In our last group assignment,we started by determining our red flags and eventually ended up modifying the red flags multiple times; each iteration bringing us closer to the fraudster. As research, I decided to study red flags in more detail, as they have proved vital in process mining for fraud detection.
Main types of red flags are:
Structural: Red flags that catch fraud due to the way the company is set up and the policies/procedures that are in place. An example is the type of fraud that happens when an employee realises what size of transaction creates added scrutiny. This kind of fraud can be discouraged if Management leads by example, with ethical behavior exhibited at all times
Operational: Red flags that highlight how the company business is managed each day. Are they minimizing the chance for employee errors and having checks in place? Key concerns for management should be segregation of duties so that no employee has too much control over one area.
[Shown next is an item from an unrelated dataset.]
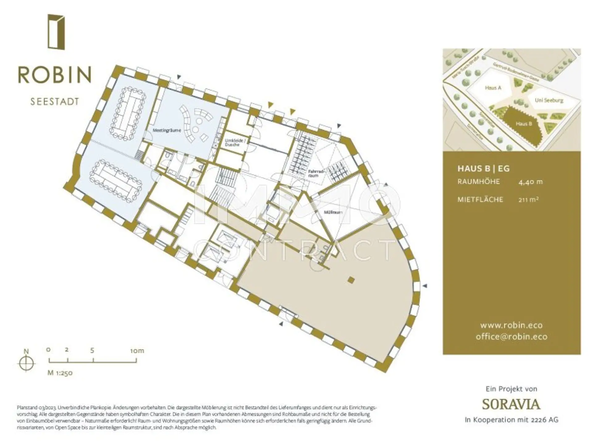 Direkt in der Fußgängerzone am Eva-Maria-Mazzucco-Platz liegt ROBIN Seestadt mit der Adresse Sonnenalle 28-30 in unmittelbarer Seenähe und bieten mit den drei Gebäude beste Voraussetzungen für Workspaces zum Wohlfühlen.

Accounting: Red flags that refer to the level of internal controls that are in place. The company cannot have secure accounting free from error without such controls built into their FIS. Some of the basic red flags that might be noted in a company’s accounting records include frequency of transactions. Every company has its own operating patterns, and the transactions should be booked accordingly.
Financial performance: Red flags include aggressive goals and performance measures.Companies whose financial performance suggests the possibility of fraud have signs like outstanding results when the rest of the industry has suffered a downturn.
I feel that learning to classify flags properly might help students look for each type of flag in different areas in the project, and systematically track fraudsters.